# Boy's screaming kills chickens



## Johnny Thunder (Feb 24, 2006)

Unless he's Banshee, Black Bolt or Black Canary, I just don't get it. 

http://news.yahoo.com/s/nm/20070124/od_uk_nm/oukoe_uk_china_chickens


----------



## NecroBones (Feb 10, 2006)

I think chickens are very sensitive to noise. I once heard about a case where chickens had died by the thousands for no apparent reason... then the cause was discovered to be a nearby factory putting out sounds at just the right frequency... that is, the natural resonance frequency for chicken skulls.


----------



## Ghostess (Aug 21, 2005)

I can see the chickens freaking out and trampling each other to death. I guess I'd better take chicken off my list for my next pet- 3 kids in this house and there's never a quiet or dull moment.


----------



## HibLaGrande (Sep 25, 2005)

That would be a cool party trick. "hey guys check this out!.... Le le le le le le " *pop* chickens head explodes.


----------



## Hauntiholik (May 17, 2006)

hehehe
_"Did I just hear that the animal turned inside out, and then it EXPLODED?"_


----------



## ScareFX (Aug 18, 2004)

That's pretty wild. I like the chicken stories almost as much as the pig tales.


----------



## Johnny Thunder (Feb 24, 2006)

NecroBones said:


> I think chickens are very sensitive to noise. I once heard about a case where chickens had died by the thousands for no apparent reason... then the cause was discovered to be a nearby factory putting out sounds at just the right frequency... that is, the natural resonance frequency for chicken skulls.

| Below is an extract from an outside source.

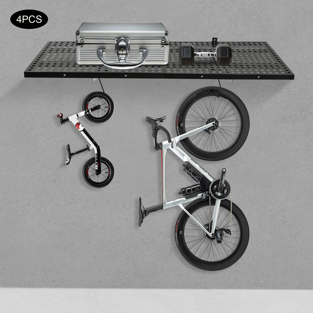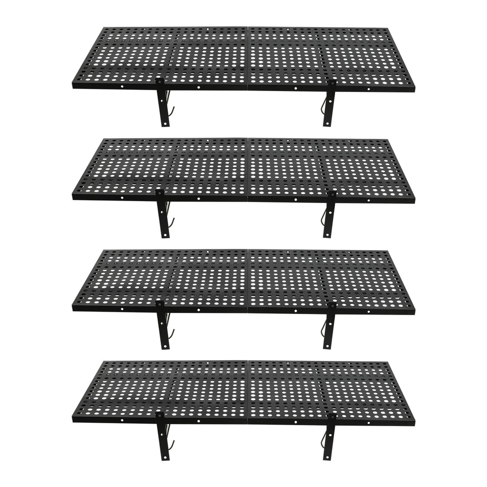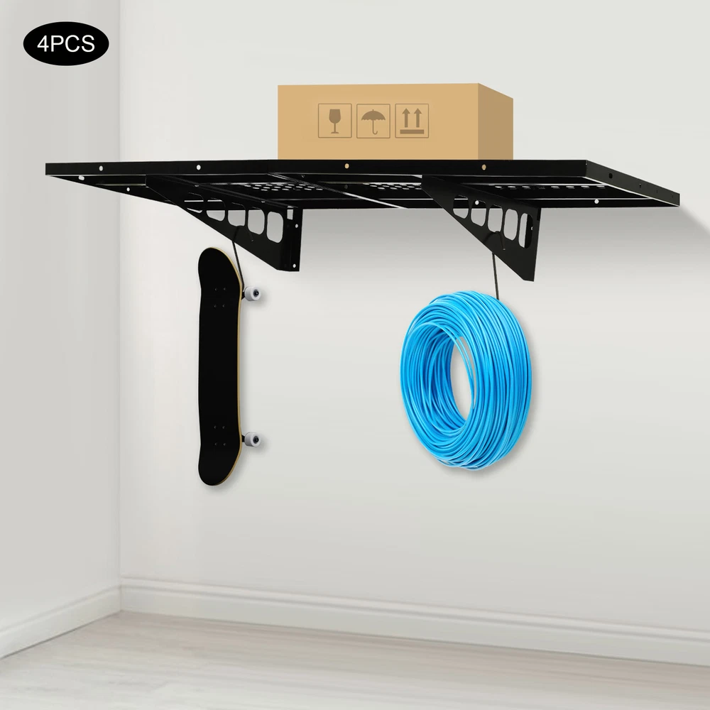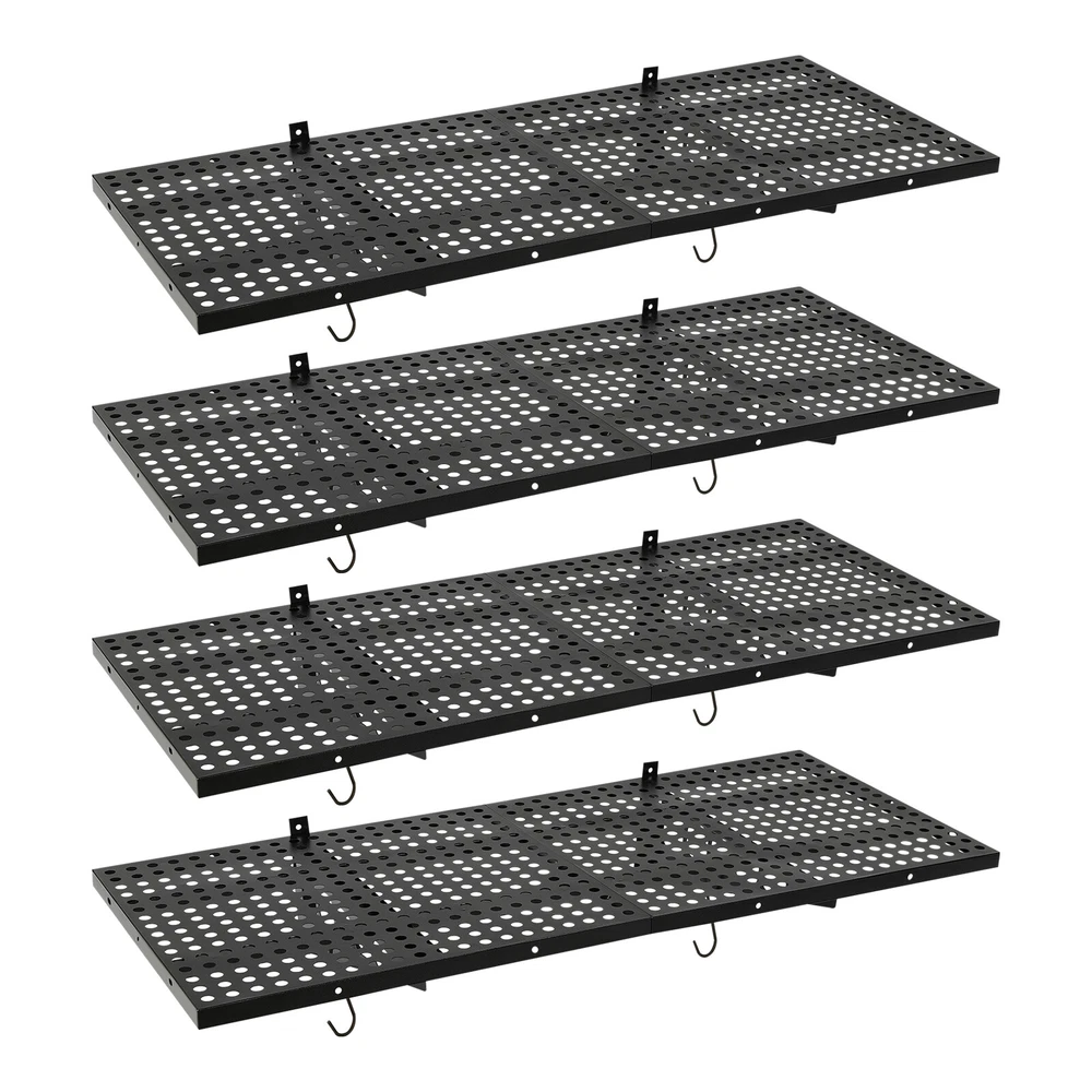 Description This set of garage wall shelves is made of high-quality carbon steel, which boasts strong load-bearing capacity, stable structure, rust resistance, and durability. The perforated surface makes it strong and non-slip at the same time, which ensures safety when storing items. Meanwhile, it is able to store a wide range of items with a load capacity of up to 560 lbs, which can help you effectively utilize your garage space and improve storage efficiency, providing you with efficient, safe, and convenient storage solutions. Key Features Sturdy&Durable: It is made of high-quality carbon steel with a plastic spraying surface, which features high hardness, high strength, and high resistance to corrosion and rust, making our products can be used for a long time. Large Capacity: The wall-mounted storage rack is 20*48 inches and the removable storage hooks can be moved to any position, allowing you to store various sizes of items and tools on it and meet your actual storage needs while saving space. Strong Structure: The stable triangular brackets and sturdy perforated panels with welding process allow our products to carry up to 560 lbs(two boards), which can meet your various storage needs. Flexible Installation: It can be installed vertically or horizontally, allowing you to use the appropriate installation method depending on the size of the installation space and the items to be stored. Money Saving: The package includes enough mounting accessories such as expansion screws and nails to save you time and money. Easy to Clean: It is simple and easy to disassemble making cleaning effortlessly. You can wipe it with a damp rag or disassemble it and rinse it with water for a complete cleaning. Space Saving: Its compact design takes up small wall space and is capable of carrying quite a lot of items. It organizes floor clutter into wall space, expanding more space to use and making your garage and storage room neater. Ideal Gift: With a strong structure and premium material, it is a nice gift for your friends, colleagues, and families for organizing their garages or warehouses. Customer Service: We aim to provide quality products and services. If you have any problems, please feel free to contact us. We will reply and solve the problem for you as soon as possible. Details Hanging Hooks: 8 hooks can help you easily store or take frequently-used tools like hammers or drills, or your clothes, making your work more convenient and highly efficient. Perforated Plates: They are not just strong and durable but also boast good ventilation, keeping your items dry and allowing the odor to dissipate in a timely manner. Application It can be installed on wooden and cement walls for storing tools and items in your warehouse or garage. How to Install Measure the installation distance of the bracket. Place the installation template against the wall and place it at the proper height by using a level. Mark the center of the circle by positioning holes of appropriate width. Remove the installation template and then punch holes in the marked positions. Install the bracket. Secure the perforated plate to the bracket. Installation complete. Specifications Color: Black Material: Carbon Steel Shelf Type: Bracket Shelf, Floating Shelf Shape: Rectangular Surface Treatment: Plastic Spray Process: Welding Mount Type: Wall Mounted Assembly Required: Yes Each Product Size(Two Boards): 50.8*121.92cm/20*48inch Each Bracket Height: 20cm/7.87inch Distance Between Center Points of Wall Studs: 60.96cm/24inch Load Bearing of Two Boards: 254kg/560lbs Packaging Size: 52*62*12cm/20.47*24.4*4.72inch Gross Weight: 18kg/39.68lbs Package Included 4*Garage Wall Shelves 8*Hooks All Accessories for Assembly Notes Please check the size carefully before ordering. It is normal that the expansion screw will blow up after the force is applied. It cannot be installed on metal walls. When installing it on cement walls, you need to drill holes in advance. When installing it on thin wood walls or hollow walls, you need to install a certain thickness of solid wood struts(not included) laid on the front or back of the wall to provide support. Before purchasing, please check the product information carefully to make sure the load bearing of your wall and the installation environment are suitable! Please check the screw hole spacing carefully if it is installed on the studs! Please allow the slight color difference caused by the shooting light and 1-3cm error due to manual measurement, and make sure you do not mind before you order. Payment Delivery details Terms of sales About us Contact us Payment We accept ebay payment 。 Fees such as import duties, taxes are not included in the item price or shipping costs. These charges are the buyer's responsibility. Delivery details Shipping: 2-9 working days to: USA Terms of sales We maintain high standards of excellence and strive for hundred percent customer satisfaction. Feedback is very important to us. We hope that you contact us immediately before you give neutral or negative feedback, so that we can address your concerns. It is impossible to address issues if we do not know about them! About us Your satis faction is our ultimate goal. We work hard to earn your trust and future business. Our certified technicians have tested each item before shipping. The unit comes with 1 year limited warranty on all manufacturing defects. a) If you receive a defective item, you may return it or ask for a discount. Please contact us within 14 days after you receive the package. b) What you returned must be intact and in its original packaging as re? u. Customer is responsible for shipping costs of the returned item. c) We will cover the cost of shipping back t with the shipping rate indicated in the registration page. We will send you a new unit or refund the full payment you paid. Thank you. Contact us Business Hour Business Hour: Monday To Friday: 8:30 AM to 5:00 PM (Beijing China time) Due to time zones, our re

That's interesting - thanks


----------



## Hellrazor (Jun 18, 2006)

OMG Im worried about my cat now....

Hes a farm cat... we think hes a cross of many animals for many reasons.. anyway, when we make this high pitched noise he takes off like a bat out of hell... We use it as a deterrant for him near the door....

Perhpas he has a chicken skull... I might have to stop doing that.


----------